Originally Posted by kanisatha
Not so. It doesn't matter if you're an illiterate peasant. When a Realms Shaking Event happens, such as the Spellplague or the Twilight War, where hundreds of thousands of people die and cities and even entire countries are destroyed, you hear about it and know about it. Furthermore, it is precisely events involving the gods that the peasants will especially know about, because they all live in fear and awe of the gods. And last but not least, we are not talking about people living in some location that is a very remote corner of the Realms. We are talking about Baldur's Gate and the Sword Coast. People know. *You" may not know. But people inside this game absolutely should know.

You seem to be conflating whether or not someone knows about a tragedy with whether or not decorative circles are immediately seen by everyone, literally everyone, as a sign of the devil.

Let's say you lived in the middle ages and eventually heard news that some great faraway land named China had blown up.
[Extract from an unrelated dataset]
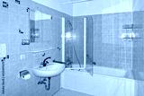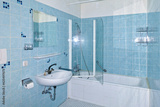 Unrenovated bathroom from the 1970s with the original blue tiles, seventies style. Outdated, neglected and grimy bath in an apartment for rent.
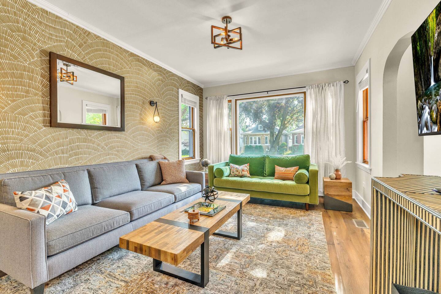 M A I N F L O O R ▪️Chic living room with bold light fixtures and 2 cozy sofas. ▪️Dining room with a round table for 8. ▪️Two spacious bedrooms (1 king, 1 queen) w/Additional quilts in closet ▪️Full bathroom with tub & shower. K I T C H E N + BREAKFAST ROOM + C O F F E E BAR You Bring the Recipes, We’ve Got the Rest! Fully stocked for family feasts, pancake mornings, and taco nights: ▪️Pots, pans, and bake ware galore ▪️Utensils, knives, and all the chopping essentials ▪️Dishes and silverware for 10 ▪️Kid-friendly cups & plates too! ▪️Mixing bowls, measuring gear, and handy gadgets ▪️Toaster, blender, microwave, oven & stove top ▪️Big fridge/freezer combo for all your goodies ▪️Dishwasher to save your sanity Coffee First, Questions Later: Your Daily Buzz Starts Here! This cheerful little corner delivers the goods: ▪️Regular & decaf coffee ▪️Whole beans + grinder for your fresh brew fix ▪️Pour-over setup for the coffee snob in your crew ▪️A rainbow of teas — black, green, herbal, and fruity ▪️Rich hot cocoa w/marshmallows for kid vibes ▪️Sugar, creamers, honey sticks & cute mugs ▪️Take in the garden view while you sip UPPER LEVEL - P R I M A R Y SUITE Your own private retreat: ▪️King bed ▪️Day bed reading nook ▪️En-suite bathroom ▪️Double closets ▪️Blackout curtains ▪️Additional quilt B A S E M E N T - R E T R E A T Multiple relaxation spaces including ▪️Sectional ▪️Love seat ▪️Leather chairs ▪️Cushioned stools ▪️A large bedroom with both a king and queen bed w/Additional quilts ▪️A quiet office nook. Game Zone ▪️Arcade console with dedicated TV ▪️Board games: Scrabble, Left-Right-Center, Jenga Blocks, checkers, chess ▪️6-in-1 game table that includes foosball, pool table, ping pong & more Music Area Relax in leather chairs while listening to the record player system that also plays CD's & cassettes. E X T E R I O R Built in bench and Adirondack chairs surround a fire pit. Play corn hole. THE NEIGHBORHOOD Located on a quiet street in Brookfield, IL, Crimson Morton offers the perfect blend of peaceful suburb and easy access to Chicago adventures. This charming suburb has the best of both worlds—tree-lined streets and direct train access to downtown. 🚶🏽♀️ Just a 4-minute walk to the Congress Park Metra station 🚆 Reach downtown Chicago in about 25 minutes by train (express) 🚗 5 minutes to the Brookfield Zoo and local forest preserves 🚗 Easy drive to Oak Park, Riverside, and La Grange for great dining and shopping. 15 minutes to Oak Brook Mall - recently named one of the best malls in the U.S. Family-friendly, walkable area with parks, coffee shops, and local gems nearby. Explore the famous Brookfield Zoo, grab coffee at a Loca Mocha Cafe, or enjoy nearby parks like Ryder Woods and Wolf Road Prairie. Visit the largest video arcade in the USA, Galloping Ghost, less than a mile away. This location is ideal for groups who want to explore the city and come home to a quiet, comfortable space each night. Whether you’re heading to a concert, museum, golf tournament, or just enjoying time with loved ones, you'll have a restful, well-located home base.

Well, you'd probably hear a lot of things about it, some things with elements of the truth, other things stretched by fiction, fear, myth, and tall tales.
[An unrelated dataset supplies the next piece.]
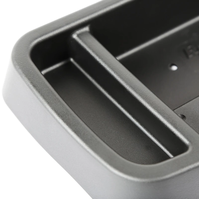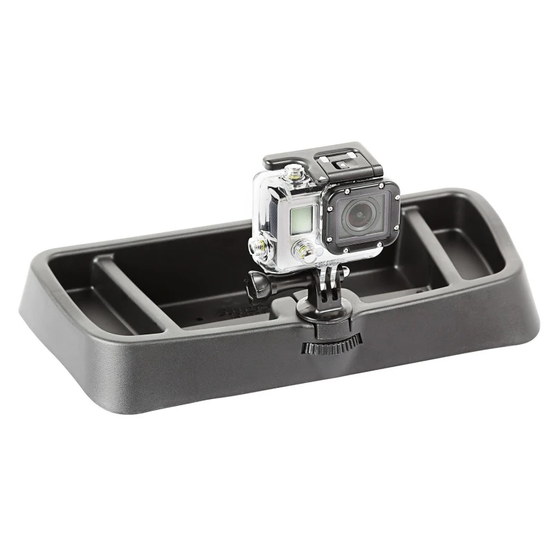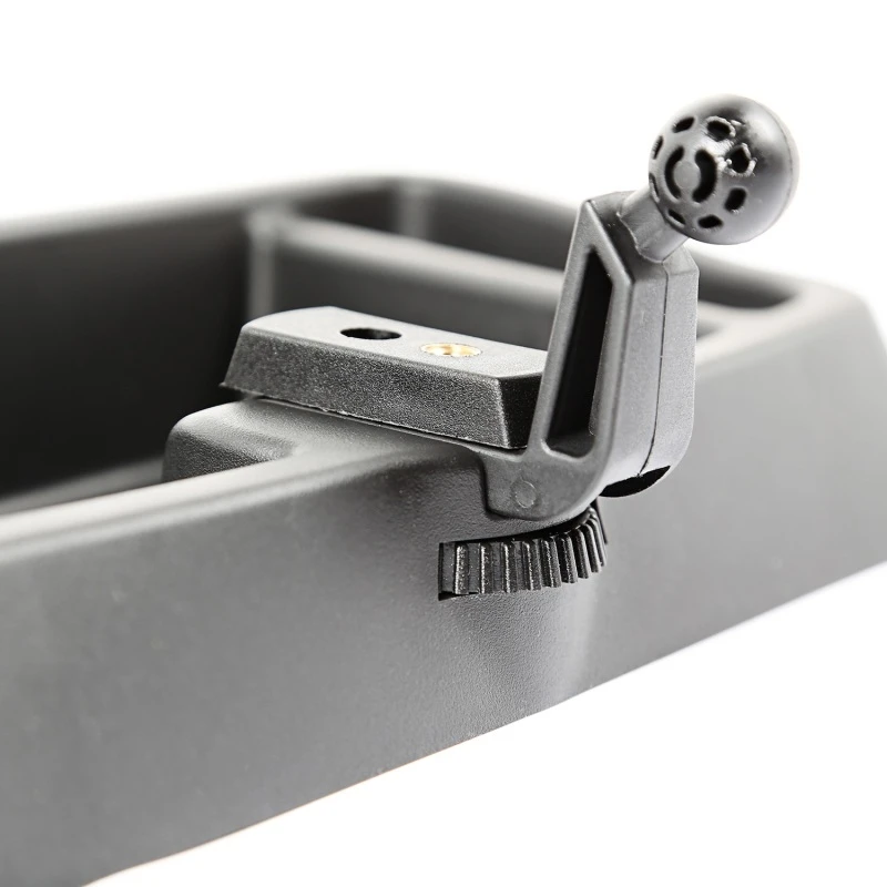 Das System umfasst ein 2-teiliges Tablett für die Aufbewahrung von Münzen, Stiften oder Sonnenbrillen und bietet sowohl Tripod- als auch Kugelhalterungen, um Mobiltelefone, GPS, Kameras und sogar Radar-Detektoren innerhalb der Reichweite von Fahrer und Beifahrer zu halten.

But that doesn't mean you suddenly know the secret handshake of a secret society.

And it doesn't mean that everyone for miles around thinks and knows exactly the same stuff and feels pretty much the exact same way about said stuff.

Basically, I keep hearing these one dimensional, uninsightful interpretations of how human beings and societies function. It sounds like a game setting I don't want to play in, with all the dynamic, subtlety, nuance, and life of a flat, dull rock. That's why I'm specifically providing the feedback I am, in an effort to say to Larian: "hey, some of us appreciate a more complicated and realistic setting, with human beings that aren't all carbon copies of one another who go frothing mad every time they see a piece of jewelry fashioned into a circle."